[Records shown — start]

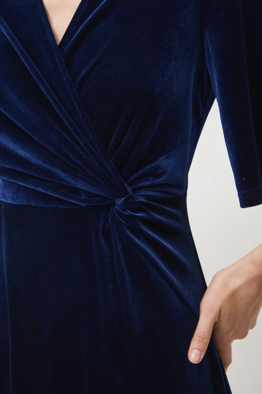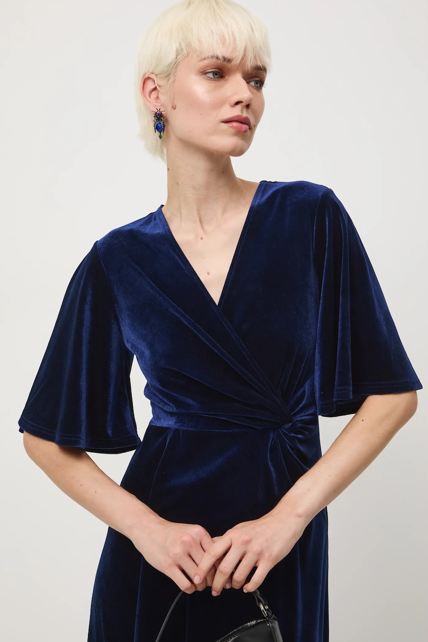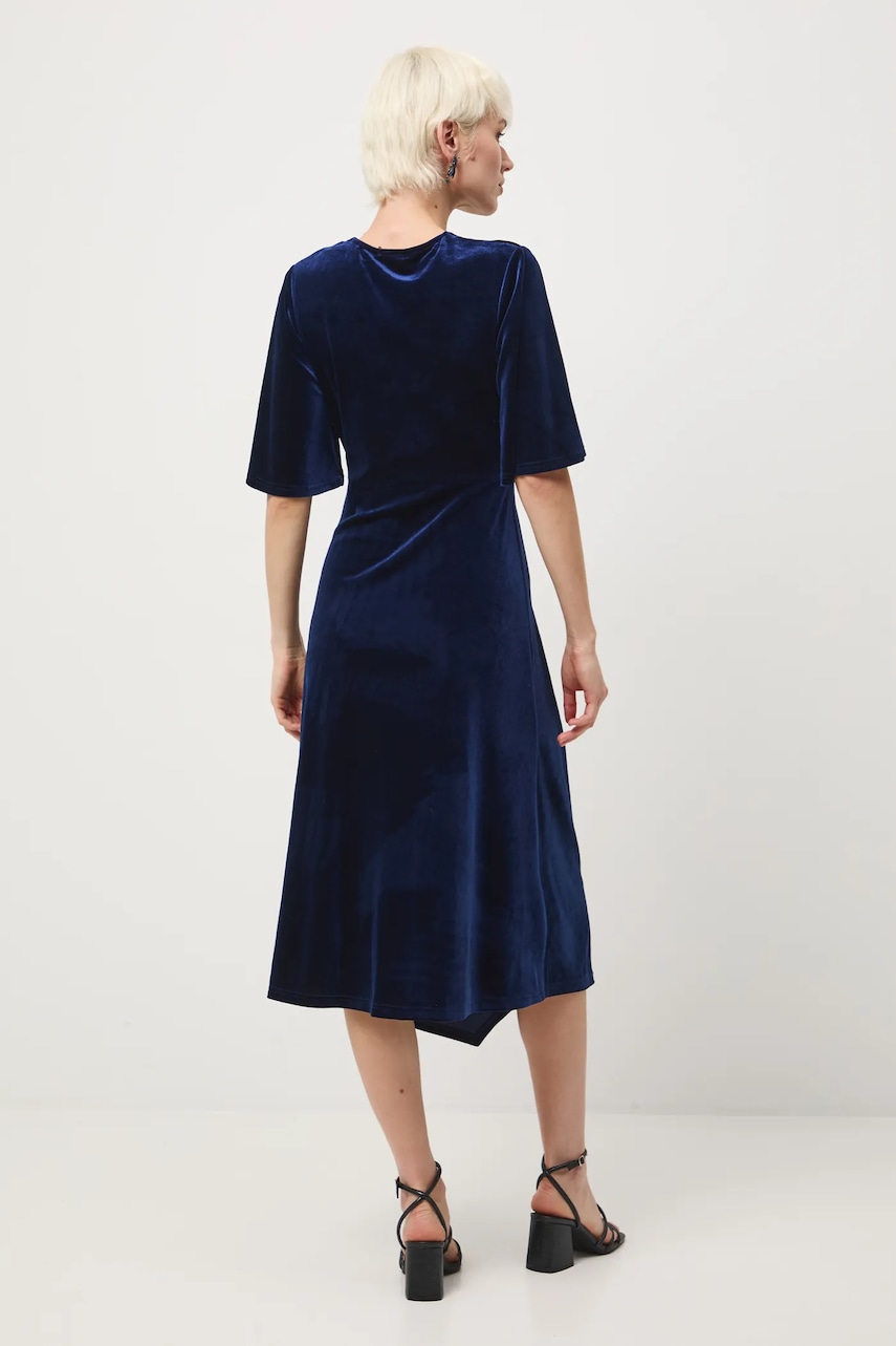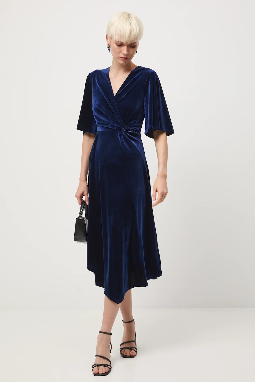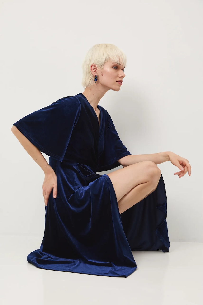 - Rozkloszowany fason. - Krótkie, szerokie rękawy. - Spiczasty, kopertowy dekolt. - Ozdobne marszczenia. - Ozdobne wiązanie. - Model wykonany z welurowego materiału. - Model o długości midi. - Szerokość w biuście: 42 cm. - Szerokość w talii: 34 cm. - Długość: 132 cm. - Wymiary podane dla rozmiaru: S.
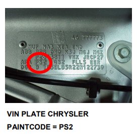 Автовиробники розміщують необхідну інформацію на спеціальних табличках VIN-Plate. На них можна дізнатися дані про: виробника авто, VIN-код, вагові характеристики, а також код кольору фарби кузова Chrysler.
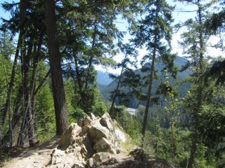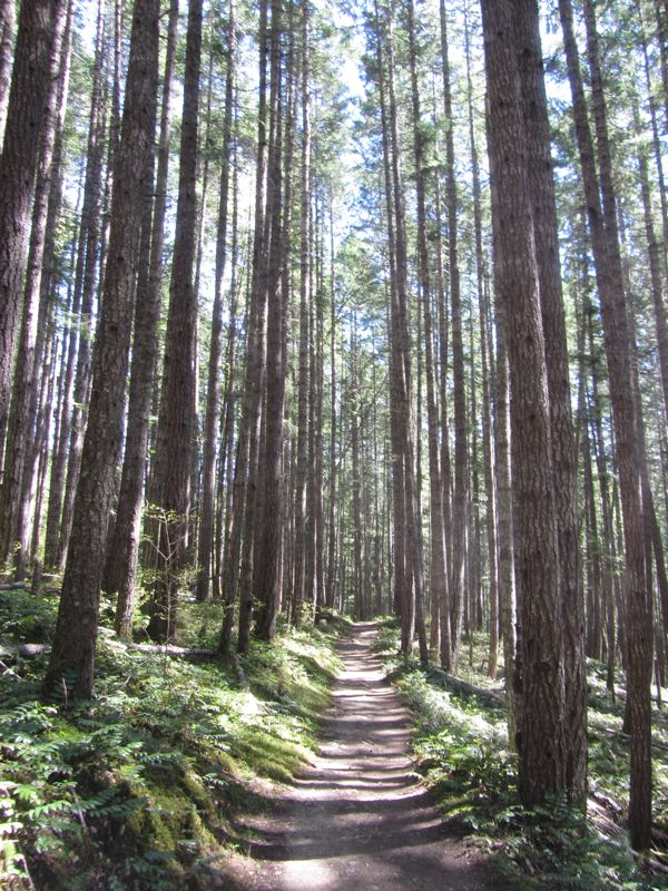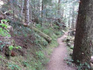 One thing we particularly noticed, as we took this hike on a very sunny day, was that while most of the trail is purely of the Pacific northwest, there are dry stretches where one turns a bend or comes out of the forest, and it feels as if one were hiking in California. The vegetation changes, and the smell of the trail changes. If we didn't know the trail and where we were, we'd imagine we were hundreds of miles south. Then, the trail turns or reenters the forest, and we are back in the Pacific northwest.
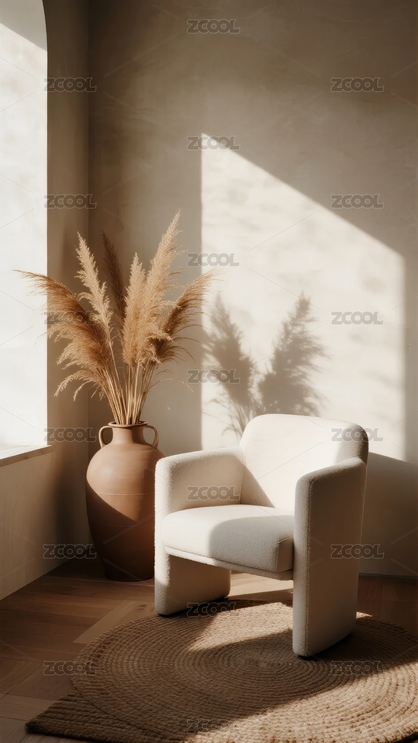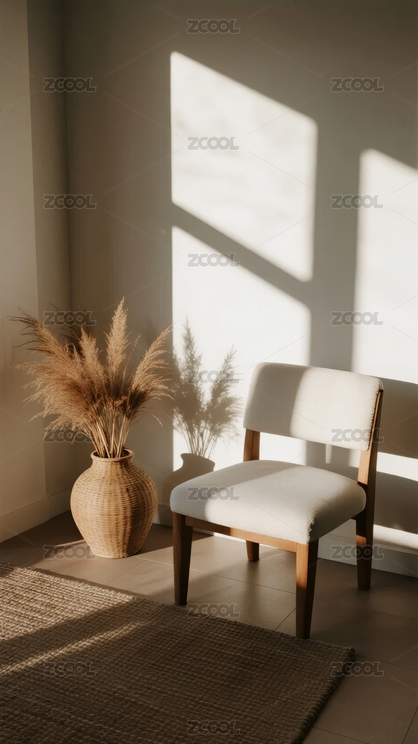 阳光洒落的简约室内角落
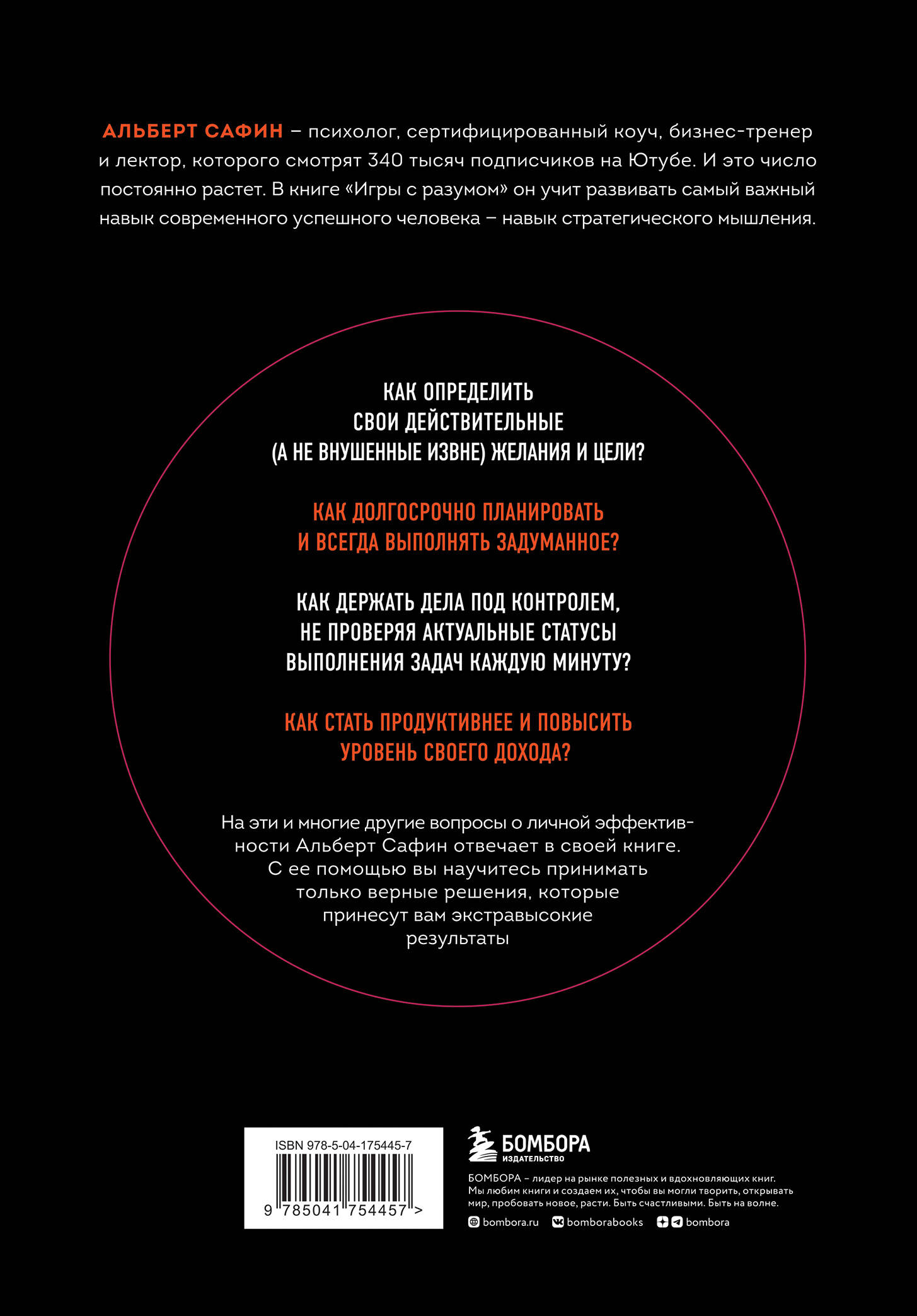 Альберт Сафин - психолог, сертифицированный коуч, бизнес-тренер и лектор, которого смотрят 340 тысяч подписчиков на Ютубе. И это число постоянно растет. В книге «Игры с разумом» он учит развивать самый важный навык современного успешного человека - навык стратегического мышления. КАК определить свои действительные (а не внушенные извне) желания и цели? КАК долгосрочно планировать и всегда выполнять задуманное? КАК держать дела под контролем, не проверяя актуальные статусы выполнения задач каждую минуту? КАК стать продуктивнее и повысить уровень своего дохода? На эти и многие другие вопросы о личной эффективности Альберт Сафин отвечает в своей книге. С ее помощью вы научитесь принимать только верные решения, которые принесут вам экстравысокие результаты.| Издательство | ООО "Издательство "Эксмо" |
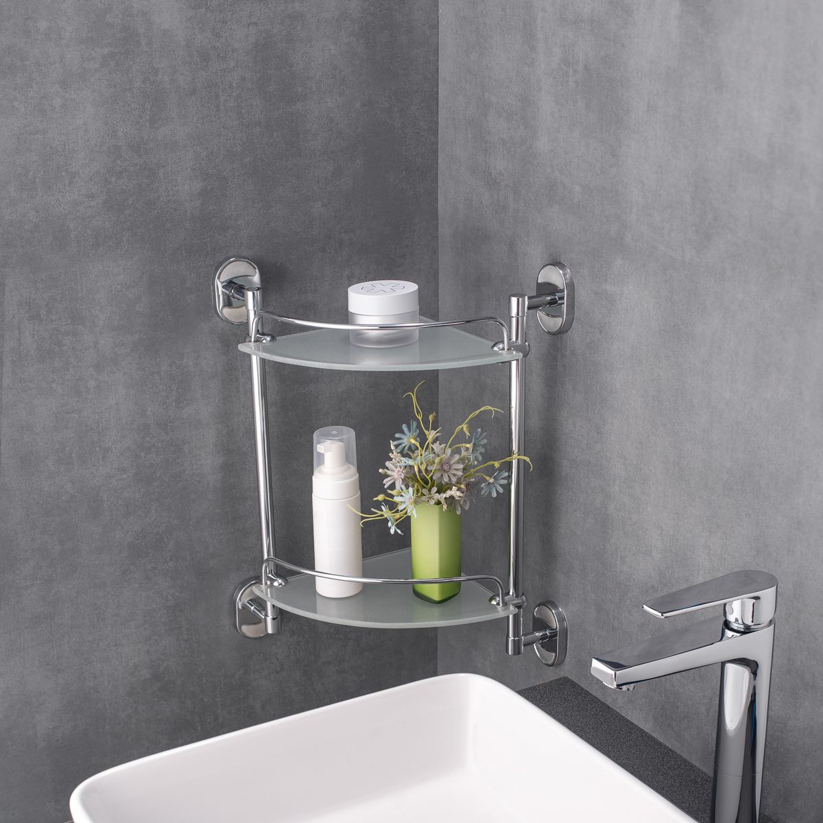Полка для ванной комнаты РМС A9010 двойня угловая хром купить
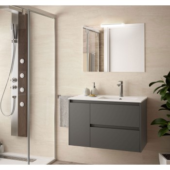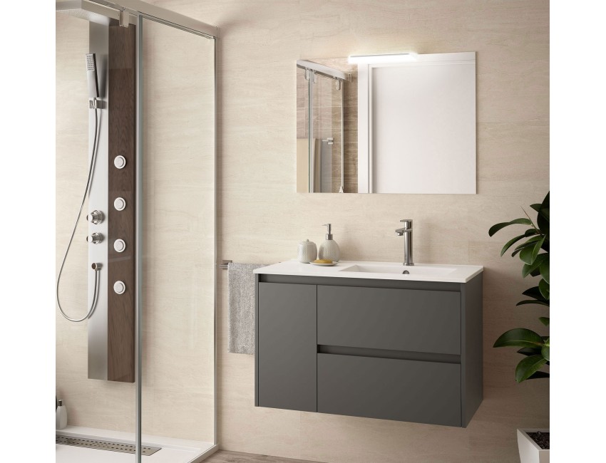 1) Mobile da bagno moderno colore grigio opaco con 2 cassetti ed un'anta a chiusura ammortizzata e maniglia incassata integrata sul frontale del mobile che unisce funzionalità e design. Frontale e laterali sono fabbricati in laminato da 16 mm (classe E-1) con bordi in PVC (con colla PUR).

[Records shown — finish]

Print every line above once more, exactly. Omit the pictures.

◆ **Result of this exercise**:
 - Rozkloszowany fason. - Krótkie, szerokie rękawy. - Spiczasty, kopertowy dekolt. - Ozdobne marszczenia. - Ozdobne wiązanie. - Model wykonany z welurowego materiału. - Model o długości midi. - Szerokość w biuście: 42 cm. - Szerokość w talii: 34 cm. - Długość: 132 cm. - Wymiary podane dla rozmiaru: S.
 Автовиробники розміщують необхідну інформацію на спеціальних табличках VIN-Plate. На них можна дізнатися дані про: виробника авто, VIN-код, вагові характеристики, а також код кольору фарби кузова Chrysler.
 One thing we particularly noticed, as we took this hike on a very sunny day, was that while most of the trail is purely of the Pacific northwest, there are dry stretches where one turns a bend or comes out of the forest, and it feels as if one were hiking in California. The vegetation changes, and the smell of the trail changes. If we didn't know the trail and where we were, we'd imagine we were hundreds of miles south. Then, the trail turns or reenters the forest, and we are back in the Pacific northwest.
 阳光洒落的简约室内角落
 Альберт Сафин - психолог, сертифицированный коуч, бизнес-тренер и лектор, которого смотрят 340 тысяч подписчиков на Ютубе. И это число постоянно растет. В книге «Игры с разумом» он учит развивать самый важный навык современного успешного человека - навык стратегического мышления. КАК определить свои действительные (а не внушенные извне) желания и цели? КАК долгосрочно планировать и всегда выполнять задуманное? КАК держать дела под контролем, не проверяя актуальные статусы выполнения задач каждую минуту? КАК стать продуктивнее и повысить уровень своего дохода? На эти и многие другие вопросы о личной эффективности Альберт Сафин отвечает в своей книге. С ее помощью вы научитесь принимать только верные решения, которые принесут вам экстравысокие результаты.| Издательство | ООО "Издательство "Эксмо" |
Полка для ванной комнаты РМС A9010 двойня угловая хром купить
 1) Mobile da bagno moderno colore grigio opaco con 2 cassetti ed un'anta a chiusura ammortizzata e maniglia incassata integrata sul frontale del mobile che unisce funzionalità e design. Frontale e laterali sono fabbricati in laminato da 16 mm (classe E-1) con bordi in PVC (con colla PUR).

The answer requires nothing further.